Paper 2021/1117

All the Polynomial Multiplication You Need on RISC-V

Hwajeong Seo, Hyeokdong Kwon, Siwoo Eum, Kyungbae Jang, Hyunjun Kim, Hyunji Kim, Minjoo Sim, Gyeongju Song, and Wai-Kong Lee

Abstract

Polynomial multiplication is a core operation for public key cryptography, such as pre-quantum cryptography (e.g. elliptic curve cryptography) and post-quantum cryptography (e.g. code-based cryptography and multivariate-based cryptography). For this reason, the efficient and secure implementation of polynomial multiplication has been actively conducted for high availability and security level in application services.
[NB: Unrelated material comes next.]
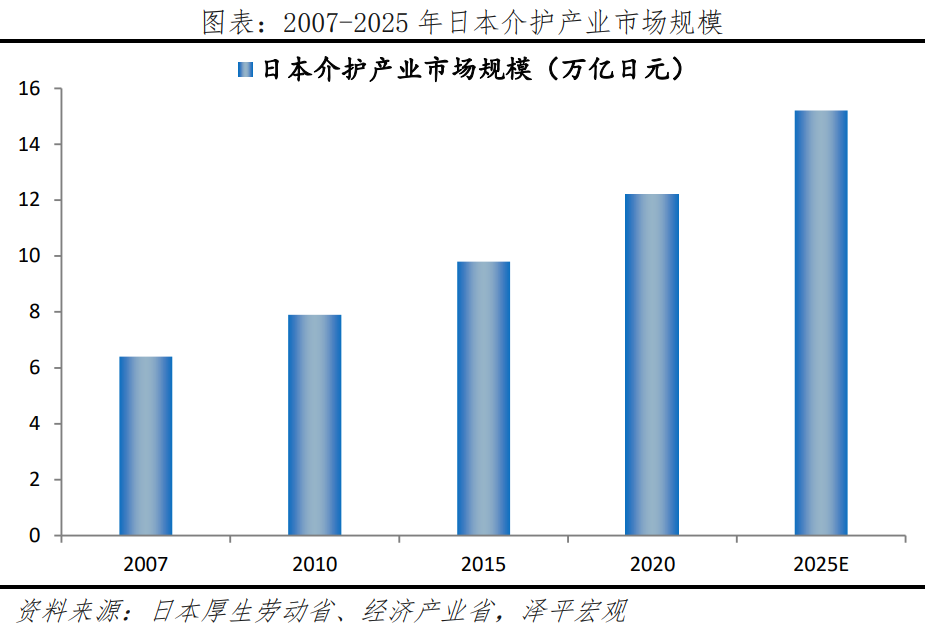 1)護理產(chǎn)業(yè)方面,日本介護市場規(guī)模持續(xù)快速增長,在《介護保險》支持下,老年人介護產(chǎn)業(yè)呈現(xiàn)出高度標準化、多樣化和個性化的發(fā)展特征。2007-2025年,平均年增長率在8%左右,遠高于同期老年人口平均增長率(約2%)。老年人介護產(chǎn)業(yè)依托補貼與護理保險報銷政策,滿足全層次老年人個性化需求。SOMPO Care(日本財產(chǎn)保險公司)提供服務涵蓋機構(gòu)養(yǎng)老、居家護理和日間護理,覆蓋多樣化護理場景。

In this paper, we present all polynomial multiplication methods on modern 32-bit RISC-V processors. We re-designed expensive implementations of polynomial multiplication on legacy microcontrollers (e.g. 8-bit AVR, 16-bit MSP, and 32-bit ARM) for new instruction sets of 32-bit RISC-V processors. Secondly, we suggest the optimal operand length for each polynomial multiplication on 32-bit RISC-V processors. With this implementation technique and Karatsuba algorithm, we achieved scalable features, which ensures the polynomial multiplication in any operand lengths with reasonably fast performance. Third, we propose instruction set extensions for the optimal implementation of polynomial multiplication on 32-bit RISC-V processors. This new feature introduces significant performance enhancements. Lastly, the proposed implementation is a public domain and following researchers can easily re-produce the result.